6 years ago · 8dd675af6a
3 changed files with 36 additions and 20 deletions
--- a/access_restriction_by_ip/manifest.py
+++ b/access_restriction_by_ip/manifest.py
@ -19,7 +19,7 @@
 {
    'name': 'Access Restriction By IP',
    'summary': """User Can Access His Account Only From Specified IP Address""",
-    'version': '13.0.1.0.0',
+    'version': '13.0.1.0.1',
    'description': """User Can Access His Account Only From Specified IP Address""",
    'author': 'Cybrosys Techno Solutions',
    'company': 'Cybrosys Techno Solutions',
--- a/access_restriction_by_ip/controllers/main.py
+++ b/access_restriction_by_ip/controllers/main.py
@ -47,32 +47,43 @@ class Home(main.Home):
            old_uid = request.uid
            ip_address = request.httprequest.environ['REMOTE_ADDR']
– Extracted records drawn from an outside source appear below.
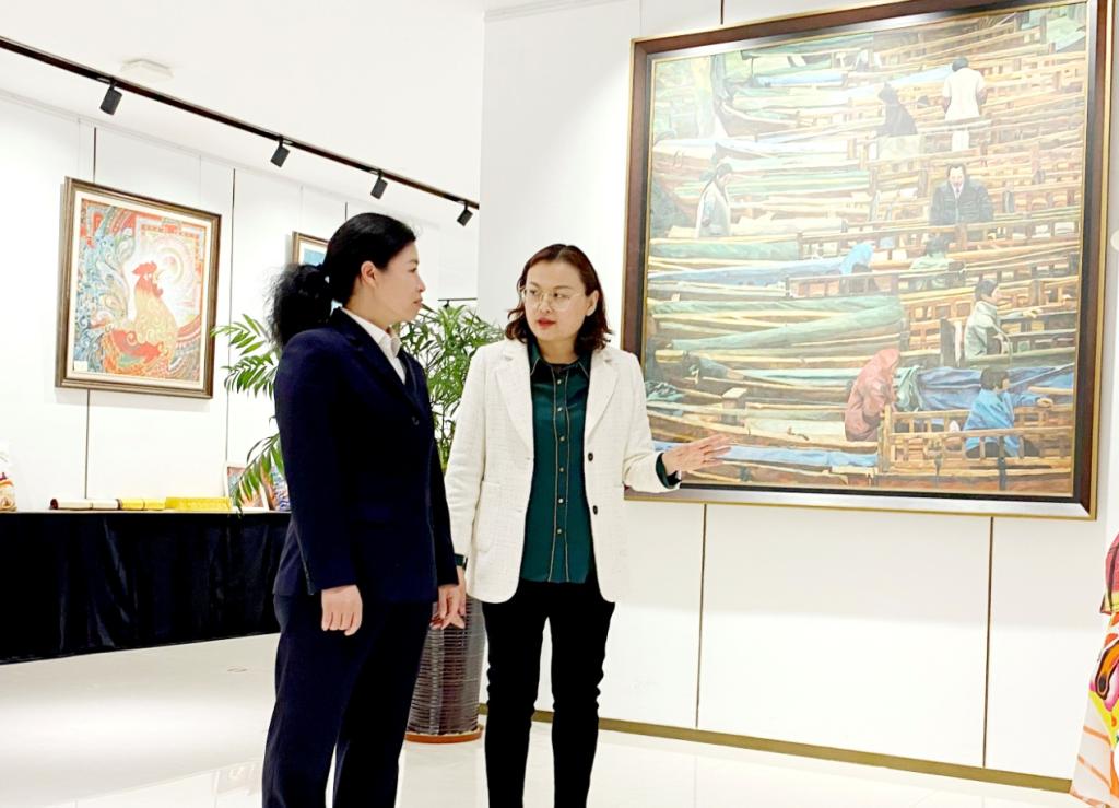 讲座后,李群英和工作室学生陪同王翠玉参观了“奋进新时代·筑梦新征程”师生作品展。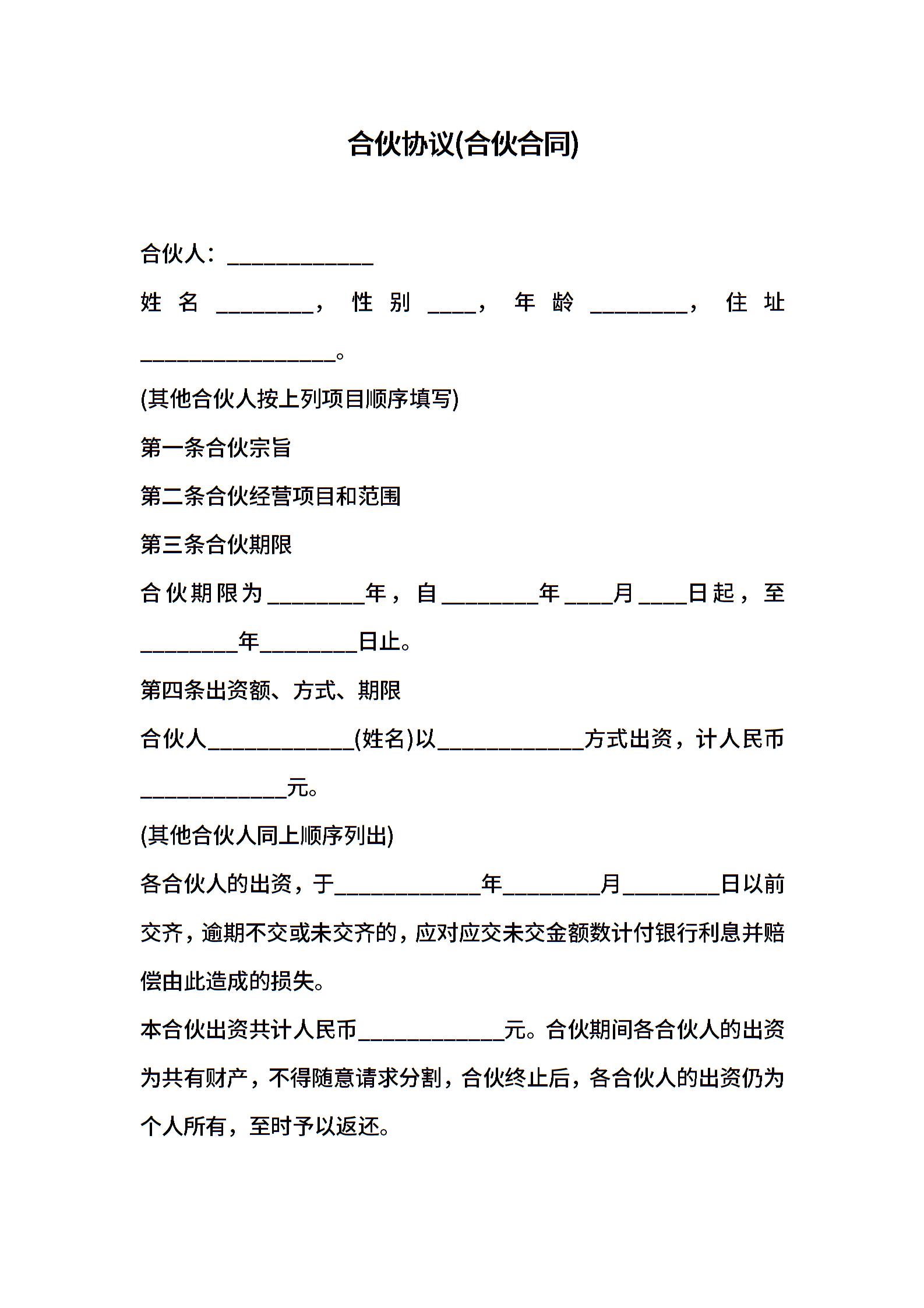 合伙协议(合伙合同)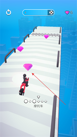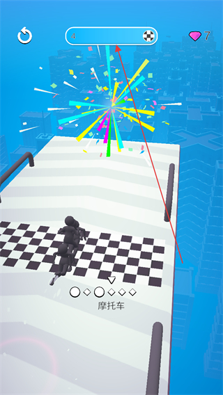 4、当到达赛道终点的黑白格子区域时,完成关卡,屏幕会出现彩色纸屑庆祝,同时可获得相应的钻石奖励,之后可进入下一关继续挑战。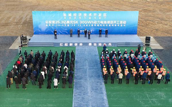 SK動(dòng)力電池鹽城基地是韓國SK集團(tuán)全球布局中最大的、具有示范引領(lǐng)帶動(dòng)作用的行業(yè)龍頭。此次開工的SK30GWh動(dòng)力電池項(xiàng)目,是近年來鹽城市最大的利用外資項(xiàng)目,計(jì)劃今年12月份主體竣工,明年1月份設(shè)備進(jìn)場,投產(chǎn)后年可新增銷售200億元,為鹽城新能源汽車產(chǎn)業(yè)發(fā)展壯大提供好配套和強(qiáng)支撐。

            if request.params['login']:
-                user_rec = request.env['res.users'].sudo().search([('login', '=', request.params['login'])])
+                user_rec = request.env['res.users'].sudo().search(
+                    [('login', '=', request.params['login'])])
                if user_rec.allowed_ips:
                    ip_list = []
                    for rec in user_rec.allowed_ips:
                        ip_list.append(rec.ip_address)
                    if ip_address in ip_list:
-                        uid = request.session.authenticate(request.session.db, request.params['login'], request.params['password'])
-                        if uid is not False:
-                                request.params['login_success'] = True
-                                if not redirect:
-                                    redirect = '/web'
-                                return http.redirect_with_hash(redirect)
+                        try:
+                            uid = request.session.authenticate(
+                                request.session.db,
+                                request.params[
+                                    'login'],
+                                request.params[
+                                    'password'])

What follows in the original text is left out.